Naiara se aproximou da última prateleira de bebidas, então ouviu o rangido agudo de um carrinho de carga puxado por alguém motivado com a chegada do fim de semana.
O ruído ganhou volume, Naiara se escorou na prateleira, ficando de costas para a direção de onde vinha o ruído. Segundos depois, um borrão vermelho passou pelo corredor. Ela esticou os braços, agarrou a lateral do carrinho e o freou com um puxão.

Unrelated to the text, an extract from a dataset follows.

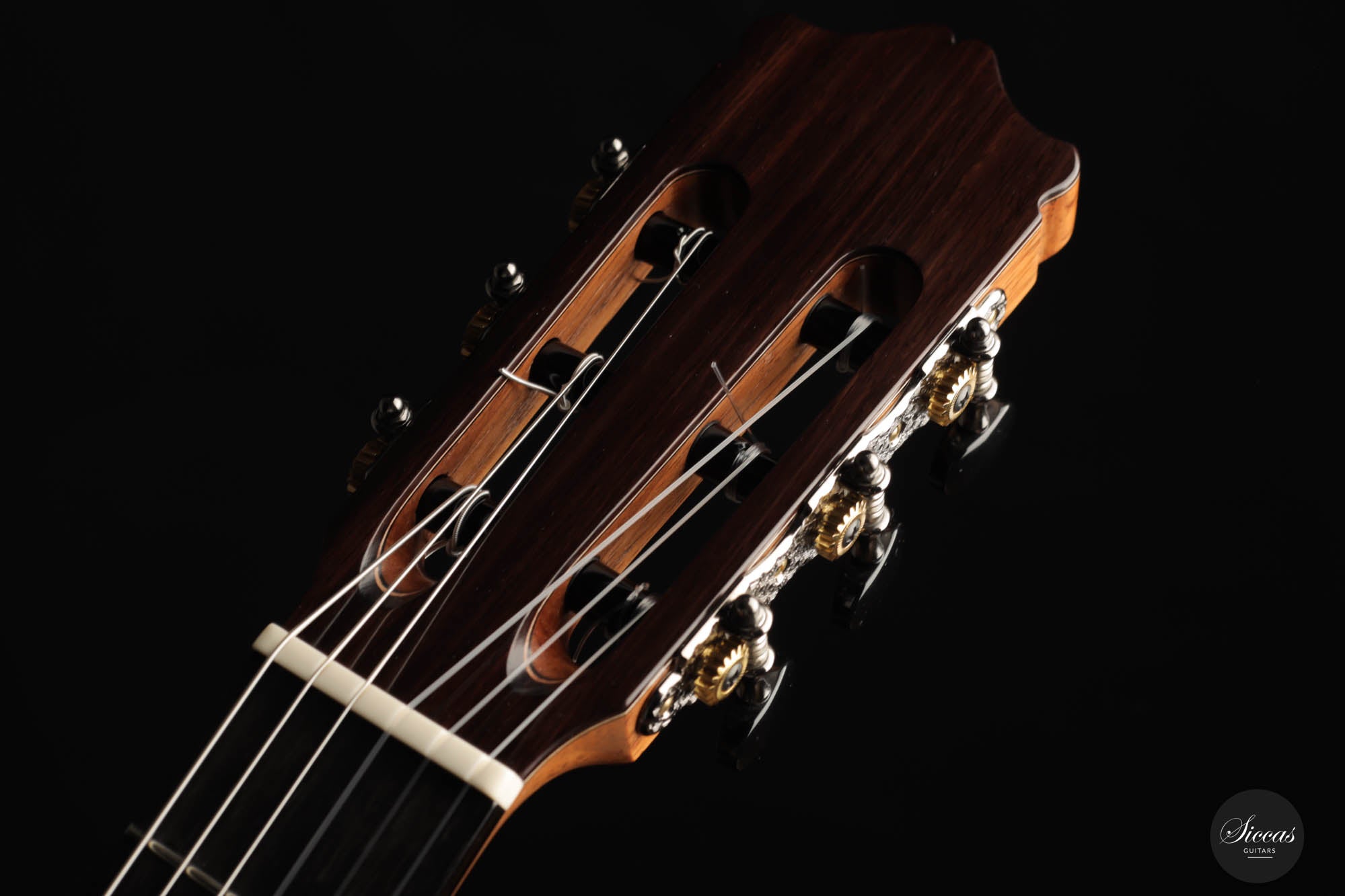 Moreover, the 64cm scale is a gift for a guitarist with a smaller hand. This instrument showcases the impressive capabilities of Francisco Munoz Alba, a representative of the talented young generation of guitar makers carrying forward the Spanish tradition. A true embodiment of a Spanish guitar, the "Especial Homenaje" model reflects Munoz's profound respect for the luthiery tradition while pushing the boundaries of craftsmanship and sound, a tribute worthy of the distinguished lineage of Spanish guitar-making.

O corpo pequeno de Jessé travou, e sem parar para olhar o que havia acontecido, forçou o carrinho com um puxão da mão direita.
O corpo de Naiara foi impulsionado para frente. Um tanto irritada, colocou a outra mão no carrinho e o puxou para si. Jessé a encarou, os olhos arregalados denunciavam surpresa.
— Jessé, o freezer tá uma bagunça, você poderia organizar pra mim? — Optou por não confrontar o recém-contratado.
— Mas já está quase na hora de ir embora.
— O nosso expediente termina às 18h, mas a gente só vai pra casa quando tudo estiver organizado, ou você prefere levar uma bronca na segunda-feira por que o gerente viu a bagunça que você fez no sorvete?
O garoto expirou seu desânimo para fora.
— Tá, eu arrumo — Jessé disse dando um puxão no carrinho de carga.
— Deixa, eu guardo o carrinho pra você.
O jovem agradeceu, virou-se e foi em direção ao freezer. Naiara esperou um momento, pois precisava se certificar de que o garoto iria mesmo arrumar a bagunça que fizera. E quando o viu abrir o freezer, respirou fundo. Esperava do fundo do coração que a partir daquele momento ele começasse a levar o trabalho mais a sério.
Com o problema solucionado, puxou o celular do bolso da lança jeans e conferiu o horário: eram 18h03m, enfim poderia ir para casa jogar. Antes de guardar o aparelho, contemplou o plano de fundo que adicionara um dia antes: um espadachim de cabelo e traje branco como a neve, exibindo suas duas espadas.
No canto direito da imagem, seu nome talhado no alfabeto coreano brilhava de cima para baixo. Enquanto no canto inferior, da esquerda para direita, lia-se: White Snow, o duelista lendário.
Contemplar o avatar de Lee Chung-Hee a motivava até nos dias mais desanimadores.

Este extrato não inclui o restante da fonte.